Cheng Hon-kwan (born 16 May 1927) is a Hong Kong engineer and politician. He was the member of the Executive Council and Legislative Council of Hong Kong in the 1980s and was chairman of the Hong Kong Housing Authority from 2000 to 2002.

==Education and government career==
Cheng was born in Hong Kong on 16 May 1927 and was educated in Beijing and Tianjin. He received Bachelor of Science in civil engineering from Tianjin University in 1948 and moved to Hong Kong. He joined the Hong Kong government as an assistant structural engineer to the architectural office of the Public Works Department in 1953.
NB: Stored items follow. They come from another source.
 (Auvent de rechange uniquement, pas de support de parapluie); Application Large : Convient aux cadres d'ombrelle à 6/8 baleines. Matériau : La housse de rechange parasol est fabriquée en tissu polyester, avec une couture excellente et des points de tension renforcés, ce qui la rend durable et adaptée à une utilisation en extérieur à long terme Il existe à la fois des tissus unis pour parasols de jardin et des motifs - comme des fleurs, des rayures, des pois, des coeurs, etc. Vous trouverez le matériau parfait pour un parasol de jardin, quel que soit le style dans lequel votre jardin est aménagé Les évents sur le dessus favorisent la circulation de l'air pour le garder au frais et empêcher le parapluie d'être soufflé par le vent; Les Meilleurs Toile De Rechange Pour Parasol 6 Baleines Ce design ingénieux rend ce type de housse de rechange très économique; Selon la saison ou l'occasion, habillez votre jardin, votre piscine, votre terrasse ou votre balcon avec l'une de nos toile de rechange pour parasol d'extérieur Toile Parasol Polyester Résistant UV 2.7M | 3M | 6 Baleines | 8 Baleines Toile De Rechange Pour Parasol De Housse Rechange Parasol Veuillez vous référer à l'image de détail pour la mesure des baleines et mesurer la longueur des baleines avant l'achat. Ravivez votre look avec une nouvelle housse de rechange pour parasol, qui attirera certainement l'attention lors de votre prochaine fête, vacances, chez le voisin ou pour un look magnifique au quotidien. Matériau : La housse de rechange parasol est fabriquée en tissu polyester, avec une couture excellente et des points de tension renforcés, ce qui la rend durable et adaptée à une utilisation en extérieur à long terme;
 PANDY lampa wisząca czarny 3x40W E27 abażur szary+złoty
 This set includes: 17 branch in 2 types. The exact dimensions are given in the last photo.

He subsequently studied abroad in England and graduated with the Diploma of Imperial College in Concrete Structures and Technology from the Imperial College London in 1964. He returned to Hong Kong and became the chief structural engineer of the Buildings Ordinance Office of the Public Works Department by 1965. He retired from the government in 1977 and started his own consultancy office, H. K. Cheng & Partners, Consulting Engineers.

==Public career==
He is the fellow of the Hong Kong Institution of Engineers, Institution of Structural Engineers in the United Kingdom, American Society of Civil Engineers, and member of the Association of Consulting Engineers in the United Kingdom and Hong Kong. In 1978–79, he was elected president of the Hong Kong Institution of Engineers. In 2002. the Institution of Structural Engineers, United Kingdom awarded a Gold Medal to Dr. Cheng for his personal contribution in establishing structural engineering as a pre-eminent profession in Hong Kong.
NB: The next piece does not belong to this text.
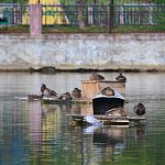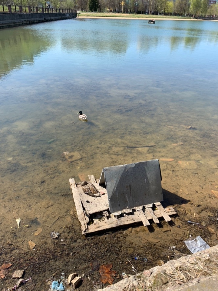 На старом озере в самый мороз отключили фонтан. Утки не улетели, их работающий фонтан спровоцировал остаться. Теперь они там замерзают и пить хотя

He had been appointed to many public positions, including member of Land and Building Advisory Committee, Appeal Tribunal (Buildings Ordinance), Committee of Review Panel (Buildings Ordinance), Engineering Advisory Committee of the University of Hong Kong, board of directors of the Chinese YMCA and board of governors of the Hong Kong Bible Society.

He became one of the first elected members of the Legislative Council of Hong Kong when the indirect elections were introduced in 1985, in which he was elected to the council in 1985 and 1988 through the Engineering, Architectural, Surveying and Planning functional constituency elected by engineers architects, surveyors and urban planners. In 1988, he was appointed to the Executive Council of Hong Kong by Governor Sir David Wilson until his retirement in 1991.

==Recent career==
He remained active in the public arena after 1997. In 1998, he was among the first recipients of the Gold Bauhinia Star. He was appointed chairman of the Hong Kong Housing Authority from 2000 to 2003. He was also chairman of the Council of the City University of Hong Kong and the Open University of Hong Kong, as well as vice-chairman of the Council of the Hong Kong University of Science and Technology. He also serves on the Standing Committee of the Tianjin Committee of the Chinese People's Political Consultative Committee.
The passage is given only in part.